The Iowa egg producer that federal officials say is at the center of a salmonella outbreak and recalls of more than a half-billion eggs has repeatedly paid fines and settled complaints over health and safety violations and allegations ranging from maintaining a “sexually hostile work environment” to abusing the hens that lay the eggs.
In the past 20 years, according to the public record, the DeCoster family operation, one of the 10 largest egg producers in the country, has withstood a string of reprimands, penalties and complaints about its performance in several states.
In June, for instance, the family agreed to pay a $34,675 fine stemming from allegations of animal cruelty against hens in its 5 million-bird Maine facility. An animal rights group used a hidden camera to document hens suffocating in garbage cans, twirled by their necks , kicked into manure pits to drown and hanging by their feet over conveyer belts. …
DeCoster owns Wright County Egg in Iowa, which last week recalled 380 million eggs distributed nationwide. A federal investigation into 26 outbreaks of salmonella enteritidis, the second-leading cause of food-borne illness, found that 15 of the outbreaks pointed to Wright County Egg.
The DeCoster family also has close ties to Hillandale Farms of Iowa, which on Friday recalled 170 million eggs distributed to 14 states in the Midwest and West after scientists in Minnesota linked one salmonella outbreak to Hillandale. Wright County Egg and Hillandale share suppliers of young chickens and feed, and the DeCoster family put up the money for Hillandale’s founder to purchase Ohio Fresh Eggs, the largest operation in that state….

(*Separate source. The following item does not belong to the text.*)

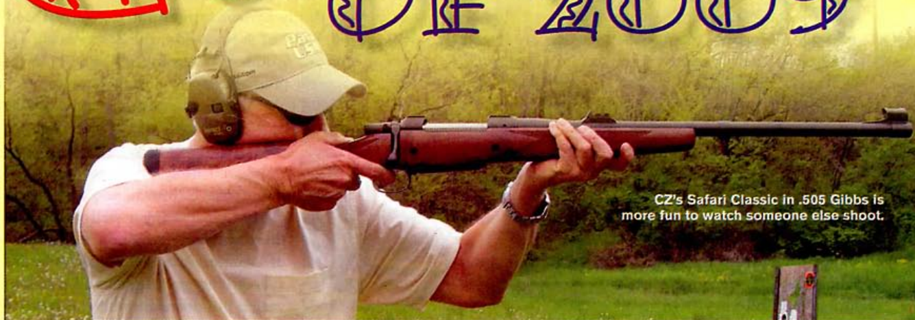
CZ's Safari Classic in .505 Gibbs is more fun to watch someone else shoot.

Each year during the month of May, a whole passel of hunting and shooting industry manufacturers along with writers and editors who turn out a number of InterMedia Outdoors publications (one of which is Shooting Times ) gather at a shooting facility called PASA Park, which is located near the sleepy little farming village of Barry, Illinois. We writers gather there to be introduced to and to wring out a variety of new products, including rifles, shotguns, handguns, optical gear, knives, reloading equipment, clothing, ammunition, and about everything else you can think of. In other words, we have the opportunity to shoot the latest loads in brand-new guns, some of which are wearing scopes that are shown for the first time.

As the family’s holdings have expanded, so has the list of allegations against it:
- In 1996, DeCoster was fined $3.6 million for health and safety violations at the family’s Turner egg farm, which then-Labor Secretary Robert Reich termed “as dangerous and oppressive as any sweatshop we have seen.” Regulators found that workers had been forced to handle manure and dead chickens with their bare hands and to live in filthy trailers.
- In 1999, the company paid $5 million to settle a class-action lawsuit involving unpaid overtime for 3,000 workers.

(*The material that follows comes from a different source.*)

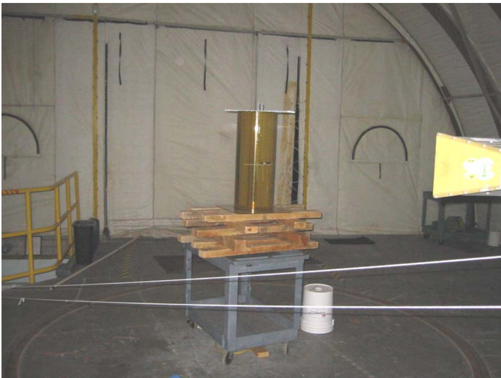
Radiated emissions, 1 – 4.1 GHz.

- In 2001, the Iowa Supreme Court ruled that DeCoster was a “repeat violator” of state environmental laws, citing violations involving the family’s hog-farming operations. The family was forbidden to expand its hog-farming interests in the state.

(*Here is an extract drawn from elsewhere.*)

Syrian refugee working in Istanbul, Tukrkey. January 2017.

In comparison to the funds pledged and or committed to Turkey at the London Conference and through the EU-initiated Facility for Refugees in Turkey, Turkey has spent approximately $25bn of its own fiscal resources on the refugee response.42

- Also in 2001, DeCoster Farms of Iowa settled, for $1.5 million, a complaint brought by the Equal Employment Opportunity Commission that the company had subjected 11 undocumented female workers from Mexico to a “sexually hostile work environment,” including sexual assault and rape by supervisors.
- In 2002, the Occupational Safety and Health Administration fined the family’s Maine Contract Farming branch $345,810 for an array of violations. The same year, DeCoster Egg Farms of Maine paid $3.2 million to settle a lawsuit filed in 1998 by Mexican workers alleging discrimination in housing and working conditions. ….
Bill Marler, a Seattle lawyer who specializes in food safety cases and has already filed one suit in the current outbreak and expects to file another Monday, said the recalls would deal a huge financial blow to the company. But he noted that several companies involved in other major recalls in recent years — for peanuts, spinach and other products — have seen their sales bounce back.
“This may be the straw that breaks the camel’s back, but there are lots of companies with massive recalls . . . that go on their merry way,” he said.